Posted by Mike at October 24, 2005 6:10 AM
question for TP: Have you ever given a presentation without a ppt ?? Where the fodder was only words, emotions and expereinces weaved with story telling ??
Posted by /pdd at October 24, 2005 12:52 PM
Thanks for continuing to talk about the Bird Flu. If you do a presentation based on the ppt you posted, would you consider posting an audio file?
I think it would be a great public service.
Posted by John at October 24, 2005 8:36 PM
pdd, many without PowerPoint, probably hundreds. My PPs, unlike most, are not cluttered charts and graphs, but invariably simple quotes in bold colors. I look at it as sharing my notes (if I wasn't using PP) with the audience, realtime.

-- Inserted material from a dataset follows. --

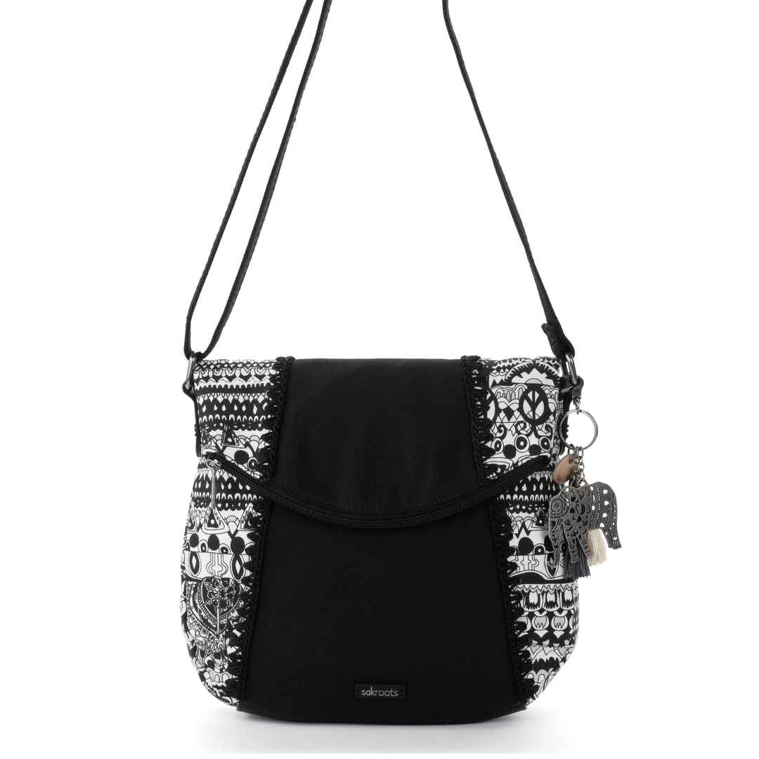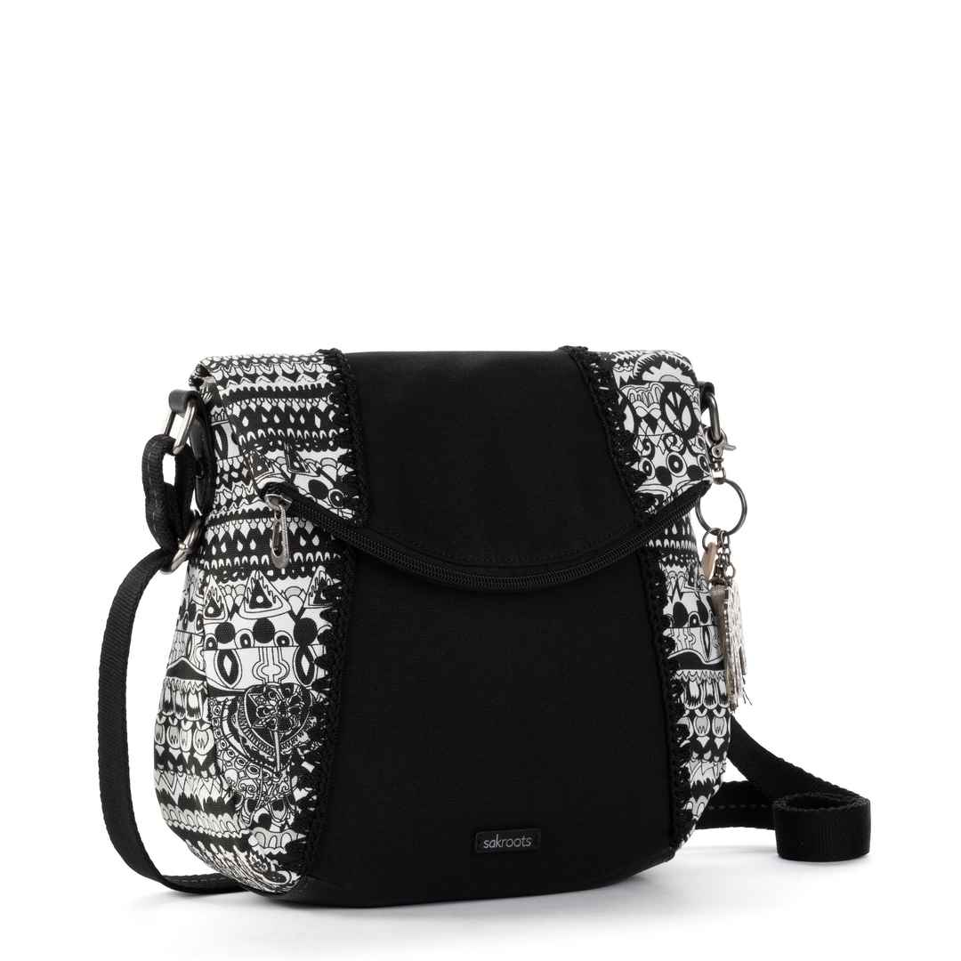 Sakroots Foldover Crossbody Bag | Eco Twill - Black Tonal Spirit Desert

Posted by tom peters at October 25, 2005 6:33 AM
I recently attended the National Homecare & Hospice convention in Seattle. Tom Peters was one of the first speakers I heard when I arrived and want to say,"Thanks" for the enthusiasm and message based on humanity vs money motivation. I have been a home care/hospice nurse for over 15 years and have seen the medical system enter a "black hole" and experience implosion on itself. The reason for this, I believe is that the greed of the leaders has driven the poor descions they have made in the healthcare industry. The writing is on the wall that the "boomers" are going to put the game of healthcare on "tilt". Pratical business solutions based on human needs is the simple commonsense way to approach this delimia. As I work deeper in the bowels of "corporate America" I realize that the management and administrators are similar to the "Emperor With No Clothes". They keep looking at the amount of money they can make, "the bottomline", instead of meeting the needs first on a human connection with the understanding that abundance always follows. It's a law of the Universe. We cant change that!
The main reason I wrote this comment is because I connected with Tom's passion for excellence and believe he is gaining many merits for the sacrifice of speaking to others for the good of all. I understand weariness as most nurses that practice the art of nursing do. Stay on the "path", Tom. It is a good one.
I would also like to know more about Planetree.